I knew how Durkin felt about it. He couldn't have been happier. "When they're dead," he had said, "you know they're not going to be back on the street in three years, doing it again. And this one was a fucking animal. He had that taste of blood and he liked it."
"It's the same guy?" Chance wanted to know. "There's no question?"
"No question. They got confirmation from the manager of the Powhattan Motel. They also matched a couple of latent prints, one from the Powhattan and one from the Galaxy, so that ties him to both killings. And the machete's the weapon used in both killings. They even found minute traces of blood where the hilt meets the handle, and the type matches either Kim or Cookie, I forget which one."
"How'd he get into your hotel?"
"He walked right through the lobby and rode up in the elevator."
"I thought they had the place staked out."
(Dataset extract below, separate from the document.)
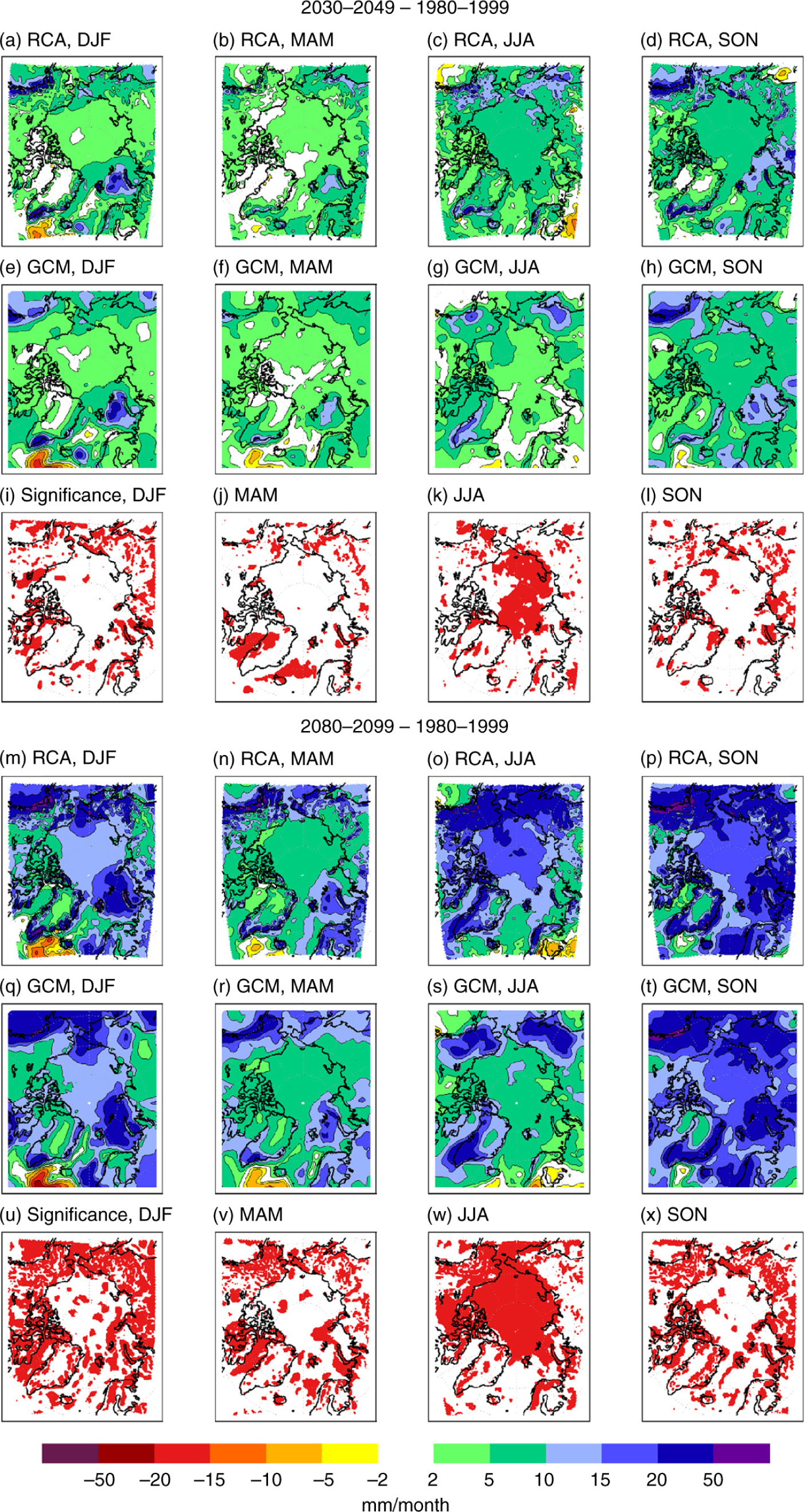 Precipitation (P) is increasing in all seasons almost everywhere in the Arctic (Fig. 11). In the near future period, the increase varies between 2 and 10 mm/month in most areas; in the Barents Sea and along some mountain ranges substantially more. The largest increase occurs in autumn. The change pattern and the amplitude agree in regional downscalings and their global originals. However, we see more small-scale variations in the regional results over land areas and near the coastlines, probably due to the higher resolution and better-resolved topography compared to the global models. Many of these small-scale patterns in RCA are significantly different from the global model results. The P increase continues until the end of the 21st century; the largest P-changes still occur in autumn. The further increase of P over the Arctic Ocean after 2030–2049 is particularly large in winter and autumn. Kattsov et al. (2007) investigated the CMIP3 ensemble, and found results similar to those presented here, with an increase of P in the entire Arctic both in summer and winter. Furthermore, they found the largest increase in the Barents Sea area and the Chukchi Sea in winter and summer, respectively. A similar change pattern was also found in regional downscalings with HIRHAM of the ECHAM5/MPI-OM global model by Rinke & Dethloff (2008). However, their results indicate an increase of P up to 500% in the Barents Sea area, which is much more than in our model ensemble mean. On the contrary, results from Vavrus et al. (2012) using CCSM4 indicated a more uniformly distributed P-increase in the Arctic.

"They did. He walked right past them, picked up his key at the desk and went to his room."
"How could he do that?"
"Easiest thing in the world," I said. "He checked in the day before, just in case. He was setting things up. When he got the word that I was looking for him, he went back to my hotel, went up to his room, then went to my room and let himself in. The locks in my hotel aren't much of a challenge. He took off his clothes and sharpened his machete and waited for me to come home."
"And it almost worked."
"It should have worked. He could have waited behind the door and killed me before I knew what was happening. Or he could have stayed in the bathroom a few more minutes and given me time to get into bed. But he got too much of a kick out of killing and that's what screwed him up. He wanted us both naked when he took me out, so he waited in the bathroom, and he couldn't wait for me to get into bed because he was too keyed up, too excited. Of course if I hadn't had the gun handy he'd have killed me anyway."
"He couldn't have been all alone."
"He was alone as far as the killings were concerned. He probably had partners in the emerald operation. The cops may get somewhere looking for them and they may not. Even if they do, there's no real way to make a case against anybody."
He nodded. "What happened to the brother? Kim's boyfriend, the one who started everything."
"He hasn't turned up. He's probably dead. Or he's still running, and he'll live until his Colombian friends catch up with him."
"Will they do that?"
"Probably. They're supposed to be relentless."
"And that room clerk? What's his name, Calderуn?"
"That's right. Well, if he's holed up somewhere in Queens, he can read about it in the paper and ask for his old job back."
He started to say something, then changed his mind and took both our cups back to the kitchen to refill them. He came back with them and gave me mine.
"You were up late," he said.
"All night."
"You been to sleep at all?"
"Not yet."
"Myself, I doze off in a chair now and then. But when I get in bed I can't sleep, I can't even lie there. I go work out and take a sauna and a shower and drink some more coffee and sit around some more. Over and over."